EXERCISE AIM: Every line of the listing should be retyped exactly, but none of the pictures should be.

GIVEN INFORMATION:
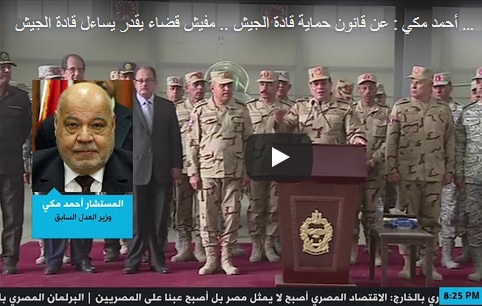 قال المستشار أحمد مكي، وزير العدل الأسبق إن موافقة برلمان الانقلاب على قانون تحصين كبار قادة القوات المسلحة والذي يمنع ملاحقة قادة المجلس العسكري قضائيا بشأن جرائم الانقلاب يعد اعترافا بمسؤولية قادة القوات المسلحة عن المذابح التي وقعت منذ الانقلاب العسكري.
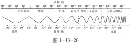 例334 麦克斯韦的电磁场理论指出:变化的电场产生磁场,变化的磁场产生电场,电场和磁场在空间的交替传播就形成了电磁波.从1888年赫兹用实验证实了电磁波的存在.至今,电磁波已经与我们的生活紧密相关.机场安检门使用频率为7 kHz的电磁波,GPS定位系统使用频率为$10.23 MHz(1 MHz = 10^6 Hz)$的电磁波,手机工作时使用频率为800~1 900 MHz的电磁波,无线Wi-Fi使用频率为$2.4 GHz(1 GHz = 10^9 Hz)$的电磁波,地铁行李安检时使用频率为$10^1^8 Hz$的电磁波.根据图1-13-26中给出的电磁波谱和相关信息,下列说法正确的是(
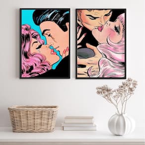 Kit 2 Quadros Casais Beijo Pop Art 33X24Cm - Com Vidro O Kit 2 Quadros Casais Beijo Pop Art é perfeito para decorar diversos ambientes, como quarto, sala, cozinha, escritório, área gourmet e muito mais. Chega de paredes vazias! Cada peça possui 33x24cm tamanho A4 e é feita em papel fotográfico brilhante de altíssima resolução. Os quadros vêm acompanhados de vidro para proteção da imagem e moldura em madeira maciça na cor preta. Além disso, cada quadro possui um pendurador, facilitando a sua fixação na parede. A embalagem é feita com plástico bolha de camada dupla, garantindo a segurança dos quadros durante o transporte. Compre com confiança, pois oferecemos de 3 meses para os quadros. 1. Como posso fixar meu quadro? Para fixar o quadro, você precisa apenas de um martelo e um prego, pois os quadros já vão acompanhados de penduradores. 2. Como posso limpar meu quadro? A limpeza do quadro é muito simples. Basta utilizar um pano seco ou um espanador para remover a poeira. Marca: Não Informado

TASK SOLUTION:
 قال المستشار أحمد مكي، وزير العدل الأسبق إن موافقة برلمان الانقلاب على قانون تحصين كبار قادة القوات المسلحة والذي يمنع ملاحقة قادة المجلس العسكري قضائيا بشأن جرائم الانقلاب يعد اعترافا بمسؤولية قادة القوات المسلحة عن المذابح التي وقعت منذ الانقلاب العسكري.
 例334 麦克斯韦的电磁场理论指出:变化的电场产生磁场,变化的磁场产生电场,电场和磁场在空间的交替传播就形成了电磁波.从1888年赫兹用实验证实了电磁波的存在.至今,电磁波已经与我们的生活紧密相关.机场安检门使用频率为7 kHz的电磁波,GPS定位系统使用频率为$10.23 MHz(1 MHz = 10^6 Hz)$的电磁波,手机工作时使用频率为800~1 900 MHz的电磁波,无线Wi-Fi使用频率为$2.4 GHz(1 GHz = 10^9 Hz)$的电磁波,地铁行李安检时使用频率为$10^1^8 Hz$的电磁波.根据图1-13-26中给出的电磁波谱和相关信息,下列说法正确的是(
 Kit 2 Quadros Casais Beijo Pop Art 33X24Cm - Com Vidro O Kit 2 Quadros Casais Beijo Pop Art é perfeito para decorar diversos ambientes, como quarto, sala, cozinha, escritório, área gourmet e muito mais. Chega de paredes vazias! Cada peça possui 33x24cm tamanho A4 e é feita em papel fotográfico brilhante de altíssima resolução. Os quadros vêm acompanhados de vidro para proteção da imagem e moldura em madeira maciça na cor preta. Além disso, cada quadro possui um pendurador, facilitando a sua fixação na parede. A embalagem é feita com plástico bolha de camada dupla, garantindo a segurança dos quadros durante o transporte. Compre com confiança, pois oferecemos de 3 meses para os quadros. 1. Como posso fixar meu quadro? Para fixar o quadro, você precisa apenas de um martelo e um prego, pois os quadros já vão acompanhados de penduradores. 2. Como posso limpar meu quadro? A limpeza do quadro é muito simples. Basta utilizar um pano seco ou um espanador para remover a poeira. Marca: Não Informado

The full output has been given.